WR-02: Rate Limiter Allow Does Not Increment Counter on Validation Errors (Wrong-Format Inputs Bypass the Rate Gate)

File: backend/internal/web/handlers_auth.go:195-209 Issue: In LoginPostHandler, validation of email and password format (steps 23) runs BEFORE the rate-limit check (step 5). An attacker sending a syntactically invalid email or a password shorter than 12 characters will never reach the deps.Limiter.Allow(key) gate. This means the rate limiter only fires on valid-looking credentials, not on brute-force spam with malformed payloads. An attacker who wants to enumerate valid emails via timing differences could send malformed payloads at high speed without consuming rate-limit tokens.

The rate-limit check comment says "Rate-limit check BEFORE user lookup and argon2 work" but the actual sequencing allows validation errors to short-circuit before the rate gate.

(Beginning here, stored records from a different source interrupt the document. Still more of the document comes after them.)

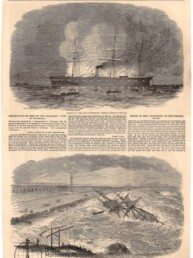 Flottenmanöver vor dem Kaiser von Österreich in Pola, Originalzeichnung von F. Schlegel; links oben: Der Kaiser in der Batterie des ‚Tegetthoff‘; rechts oben: Der Kaiser fährt zu den Panzerdrehtürmen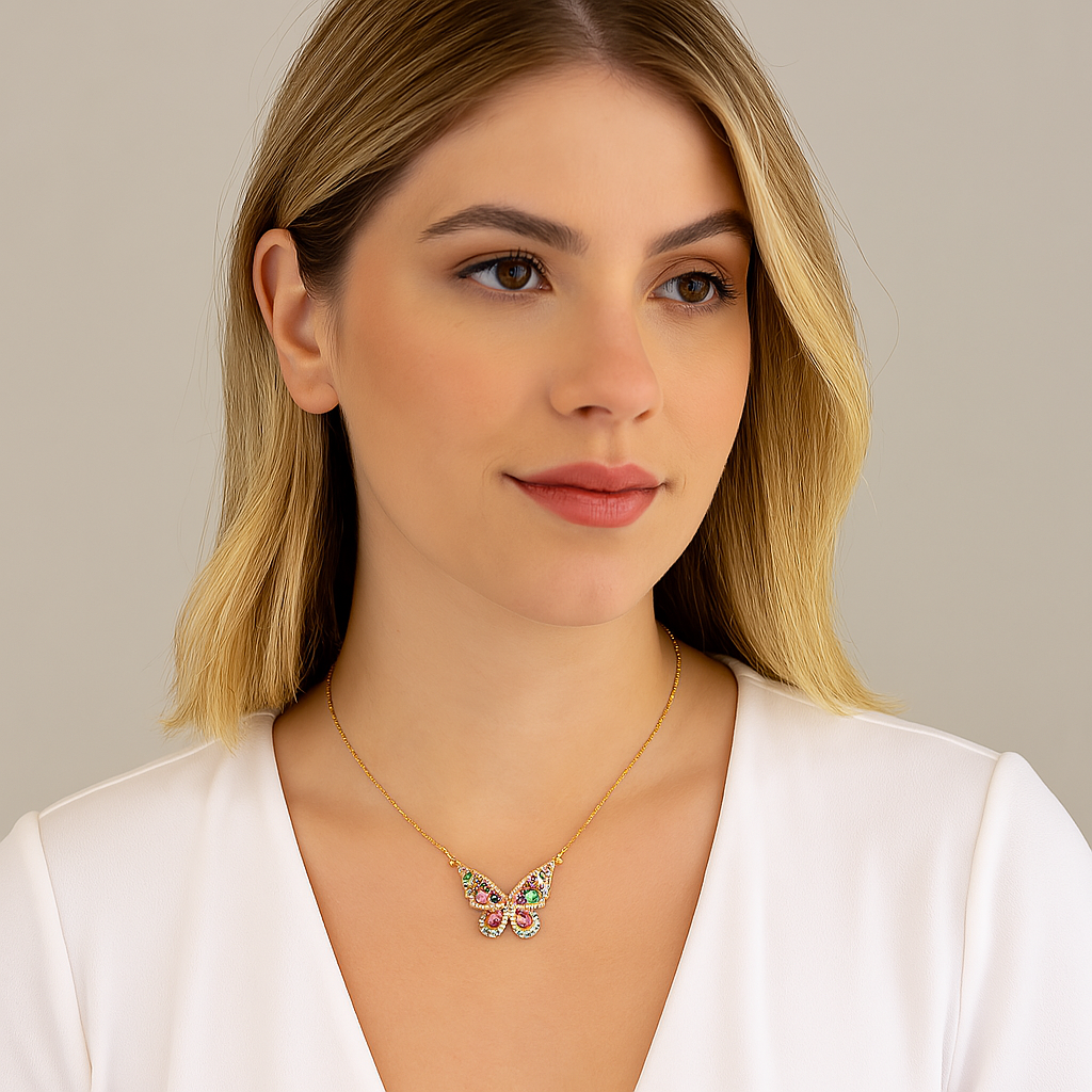 Colar cravejado com micro zircônia cristais de qualidade 5AAAAA Premium, banho Ouro 18k/cristal+mix de cores.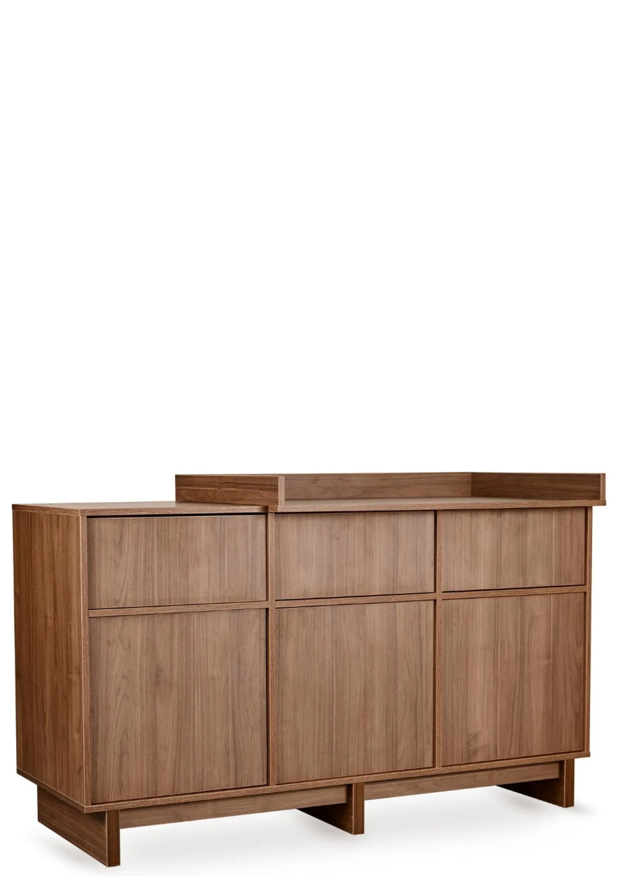 Mit ihrem extra breiten Format bietet die Kommode besonders viel Stauraum für Kleidung, Pflegeprodukte oder Alltagsutensilien. Hinter den drei Türen und in drei geräumigen Schubladen lassen sich alle Dinge des täglichen Lebens übersichtlich verstauen. In Kombination mit dem optional erhältlichen Wickelaufsatz wird sie zur praktischen Wickelkommode XL – perfekt für die ersten Jahre mit deinem Baby. Nach der Wickelzeit lässt sich der Aufsatz rückstandslos entfernen, sodass die Kommode als stilvolles Möbelstück im Kinder- oder Familienzimmer weiterbesteht. Ein hochwertiges Möbelstück, das mit der Familie mitwächst und viele Jahre Freude bereitet.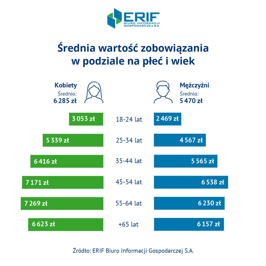 Choć kobiety w Polsce stanowią mniejszą część wszystkich dłużników, statystyki pokazują, że średnia wartość ich zobowiązań finansowych jest wyższa niż w przypadku mężczyzn. Z danych ERIF Biura Informacji Gospodarczej wynika, że w ciągu ostatniego roku przeciętne zadłużenie kobiet wzrosło o około 4 proc., osiągając poziom blisko 6,3 tys. zł.

Fix: Move the rate-limit check to before the validation block, using a key derivable from the raw (pre-validation) email:

// Rate limit first — even on invalid input, to prevent enumeration via timing
ip := clientIP(r)
key := strings.ToLower(strings.TrimSpace(r.PostFormValue("email"))) + ":" + ip
if deps.Limiter != nil && !deps.Limiter.Allow(key) {
    // return 429 immediately
}
// Then validate format

WR-03: migrate.go Opens a Second database/sql Connection Pool That Is Never Tuned

File: backend/internal/db/migrate.go:27-29 Issue: sql.Open("pgx/v5", dsn) creates a new database/sql connection pool with default settings (up to MaxOpenConns = 0 = unlimited). This pool is used only for migrations and is closed via defer sqlDB.Close(). However, the DSN contains the password. If connConfig.ConnString() returns a URL with credentials (which pgx/v5's ConnString() does for password-based auth), the DSN is handled correctly — but the second pool opening is unnecessary work. More importantly, sql.Open with MaxOpenConns = 0 could theoretically open many connections during a long migration. This is low-risk in practice (goose runs sequentially) but is an unnecessary resource-management gap.

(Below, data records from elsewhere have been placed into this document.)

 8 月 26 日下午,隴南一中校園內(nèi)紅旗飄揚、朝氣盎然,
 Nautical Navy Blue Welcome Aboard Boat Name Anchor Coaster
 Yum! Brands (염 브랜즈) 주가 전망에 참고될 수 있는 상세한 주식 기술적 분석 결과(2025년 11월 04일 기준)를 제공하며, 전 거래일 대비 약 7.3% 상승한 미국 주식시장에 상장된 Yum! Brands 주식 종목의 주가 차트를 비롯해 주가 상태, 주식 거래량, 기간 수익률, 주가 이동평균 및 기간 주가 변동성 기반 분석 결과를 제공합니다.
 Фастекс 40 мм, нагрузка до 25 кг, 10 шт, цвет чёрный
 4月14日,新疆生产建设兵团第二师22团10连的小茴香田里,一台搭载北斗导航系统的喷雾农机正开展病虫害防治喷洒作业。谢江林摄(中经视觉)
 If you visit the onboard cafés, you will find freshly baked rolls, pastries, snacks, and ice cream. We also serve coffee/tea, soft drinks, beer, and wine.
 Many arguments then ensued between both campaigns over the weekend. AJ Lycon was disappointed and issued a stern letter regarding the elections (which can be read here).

Additionally, the return value of pool.Config().ConnConfig.ConnString() is not documented as guaranteed to include the password in all configurations (e.g., with PasswordFunc set). If the pool was initialized with a connection string that uses cert-based auth or a password callback, ConnString() may return an incomplete DSN.

Fix:

sqlDB, err := sql.Open("pgx/v5", dsn)
if err != nil {
    return fmt.Errorf("migrate: open sql.DB: %w", err)
}
sqlDB.SetMaxOpenConns(2) // goose runs sequentially — no need for a large pool
defer sqlDB.Close()

WR-04: TestIndex_UnauthRedirects and TestDemoTime_Fragment Use Outdated NewRouter Signature

File: backend/internal/web/handlers_test.go:95-96, 110-111 Issue: Two tests call NewRouter with 8 positional arguments:

router := NewRouter(stubPinger{}, os.DirFS("./static"), AuthDeps{}, TablosDeps{}, TasksDeps{}, FilesDeps{}, testCSRFKey, "dev")

But router.go declares NewRouter with trustedOrigins ...string as the final variadic parameter. The tests omit trustedOrigins, which means CSRF in test mode does not include "localhost" as a trusted origin — unlike newTestRouter (line 37) and newTestRouterWithLimiter (line 44) which explicitly pass "localhost". This discrepancy means requests in TestIndex_UnauthRedirects that go through CSRF middleware may behave differently from those in newTestRouter. For GET requests this is fine (CSRF only blocks state-changing methods), but the inconsistency is a maintenance footgun: a future POST test using this helper would silently fail with 403 instead of the expected status.

Fix:

router := NewRouter(stubPinger{}, os.DirFS("./static"), AuthDeps{}, TablosDeps{}, TasksDeps{}, FilesDeps{}, testCSRFKey, "dev", "localhost")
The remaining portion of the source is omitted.